The Sermon on the Mount: Retaliation (7.21.09)

In the recently released movie, Taken, ex-CIA agent Bryan Mills’ daughter is kidnapped. I have not seen the movie, but in the trailer, while on the phone with the abductor, Mills hisses: “If you don’t [let my daughter go], I will look for you. I will find you. And I will kill you.” It appears, from the clip I saw, that the remainder of the movie follows Mills on an incredibly violent, retaliatory, killing spree as he searches for his daughter’s abductors. After killing over 30 people and grieviously wounding a dozen more, Mills rescues his daughter. Does the kidnapping justify the bloodbath? Jesus said, “You have heard it said: ‘An eye for an eye, and a tooth for a tooth.’ But I say, do not resist an evil person!” (Matt. 5:38-39). What would Jesus have to say about Bryan Mills' rampage? The passage above is Jesus’ exposition of Exodus 21:23-24 and Leviticus 24:19-20 which describe the law of just punishment: the punishment must fit the crime. Applying it specifically to situations involving personal injury, if you attacked someone and broke their arm, yours would be broken. At first blush this seems a bit uncivilized, but it’s really quite fair and reasonable. The same principle applied to other offenses: if you borrowed an animal and got it killed, you had to pay back the price of the animal. It’s about making restitution. But perhaps in Jesus’ day people were taking justice into their own hands and using the law of just punishment as justification for seeking revenge. That’s certainly how we usually understand “an eye for an eye.” If someone threatens you, takes advantage of you, or offends you, you are justified in pushing back, resisting, defending yourself. If someone hurts you, you hurt them back. Retaliation. But even the Old Testament taught that an individual is not to seek revenge (Lev. 19:18, Prov. 20:22).
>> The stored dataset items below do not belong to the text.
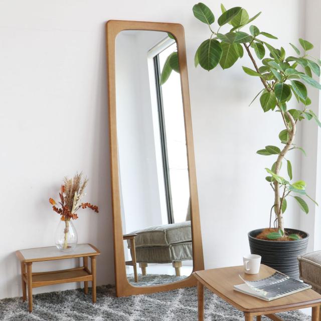 ミラー 全身 姿見鏡 幅62×高さ172cm 木製フレーム 立てかけタイプ Herit ( 鏡 姿見 全身鏡 天然木 北欧インテリア 完成品 北欧 ナチュラル オーク 無垢材 飛散防止 転倒防止 インテリア )
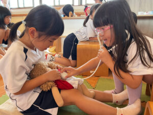 少人数から始まった病院ごっこでしたが盛り上がってきたので大きな病院スペースを作り、本格的に遊べるようにしました☺️
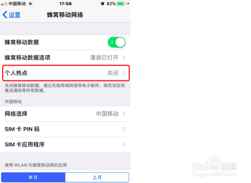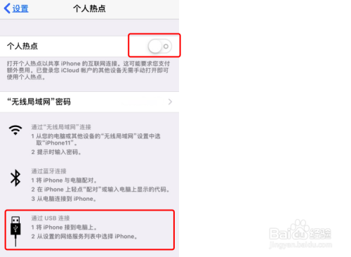 轻点“小我热点”,开关,如图所示:

In Matthew 5 Jesus is fulfilling the law of just punishment by restoring it to its place and stopping the abuse of the law. The law of just punishment has nothing to do with personal revenge. Bonhoeffer writes: “The right way to requite evil, according to Jesus, is not to resist it.” I will probably never see Taken, but the film resonates with me as a father of daughters. I understand the anger that Mills felt and I think it is probably righteous anger. If someone took my daughters, I would feel the same way Mills felt and, in a way, I fantasize that I could, like Mills, take out the bad guys and take my girls back. But would it be right?